This page is about the MH-Z19 CO2 sensor and some experiments done with it.

This sensor gives a digital (serial) output of the CO2 concentration in air, in parts-per-million (ppm). It uses the optical measurement principle of measuring CO2, which should be much more accurate than the inexpensive electro-chemical sensors you can find. As far as I know, the optical measurement principle uses a broadband light-source to send some light through an air-sample. The sensor then looks at the relative intensity of the light at two different frequencies. The CO2 gas inside the air absorbs light strongly at very specific wavelengths, allowing a determination of the concentration (ppm) of CO2. This is then compensated for temperature (and pressure?) for increased accuracy. See also wikipedia for this measurement principle. A new measurement is started every 5 seconds, you can actually see a small amount of light coming out of the sensor while it's measuring.

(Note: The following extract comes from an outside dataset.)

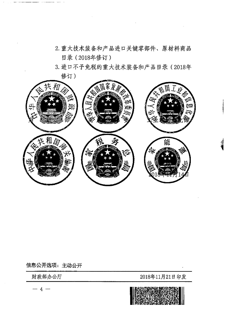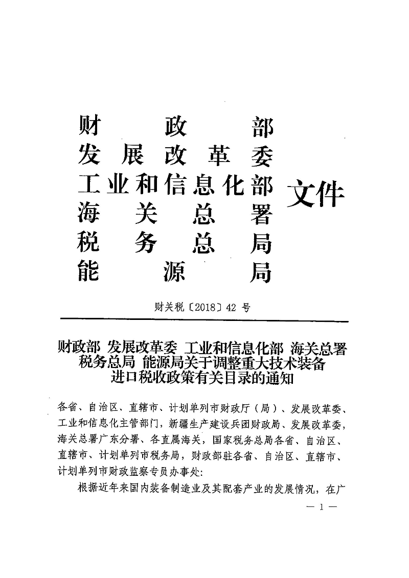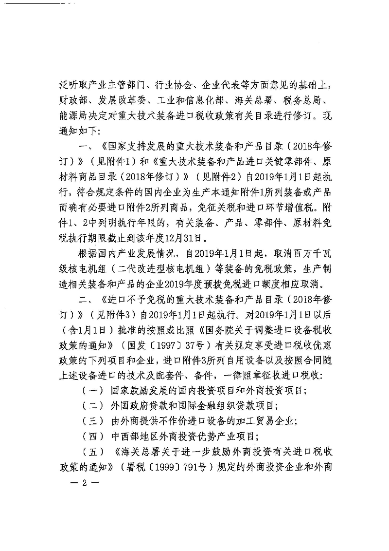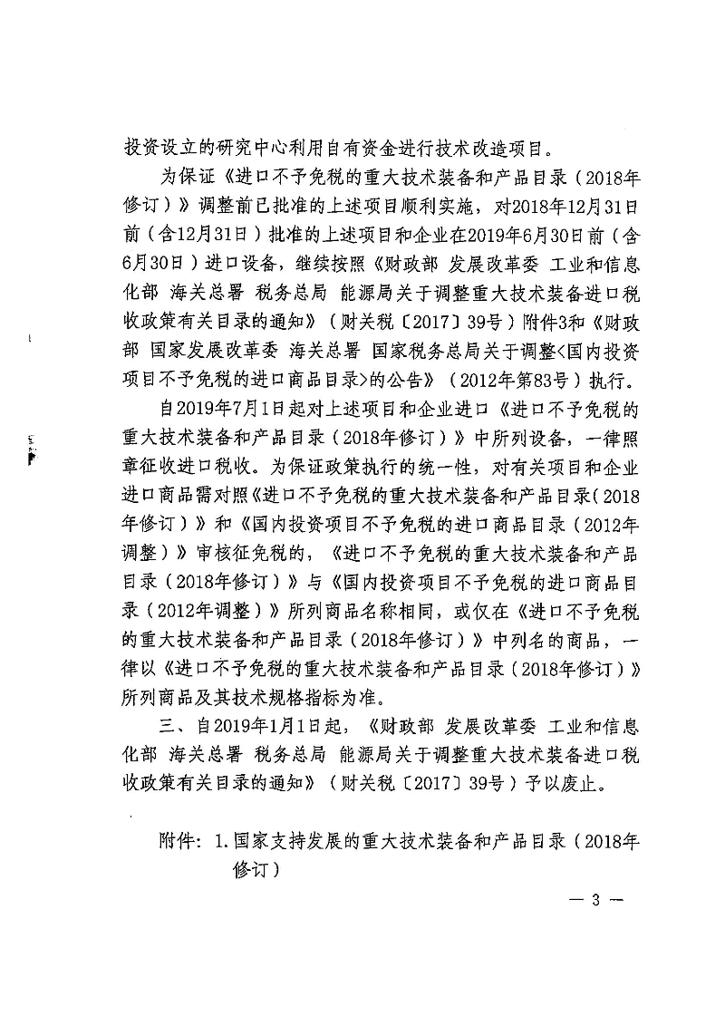 财政部 发展改革委 工业和信息化部 海关总署 税务总局 能源局关于调整重大技术装备进口税收政策有关目录的通知_政策文件_江门市财政局

The MH-Z19 is the cheapest optical CO2 sensor I could find on AliExpress, about E22,-.

Hardware and reference data

See the manufacturer MH-Z19 page.

Software

See this github repo for code using this sensor with an ESP8266 board (WeMos D1 mini). It publishes the CO2 concentration to topic "bertrik/co2" on test.mosquitto.org every 5 seconds.

It seems that support for this sensor was recently added to ESPEasy.

Extended commands

Normally, this sensor is read out using a command/response sequence over serial.

It appears that there are some additional command beyond just reading the CO2 concentration, these are mentioned in the MH-Z19B datasheet but not in the MH-Z19 datasheet:

  • some calibration commands, e.g. to let the sensor know when it's breathing pure nitrogen (0 ppm), or some reference gas with a known CO2 concentration (e.g. 400 ppm)
  • command 0x79 (ABC logic on/off), to enable/disable the ABC-algorithm (automatic baseline correction)
  • command 0x99 (sensor detection range setting), to set the measurement range of the sensor in steps of 1000 ppm

Some of these commands appear in the MHZ-19<bold>B</bold> datasheet, but appear to work a little differently for the MH-Z19.

command 0x99 (range)

Unlike what the MH-Z19B datasheet says, you can set the range using the following command (2000 ppm in this case):

0xFF 0x01 0x99 0x00 0x00 0x00 0x07 0xD0 0x8F

The 0x07 0xD0 bytes (index 6 and 7) set the range to 2000 ppm.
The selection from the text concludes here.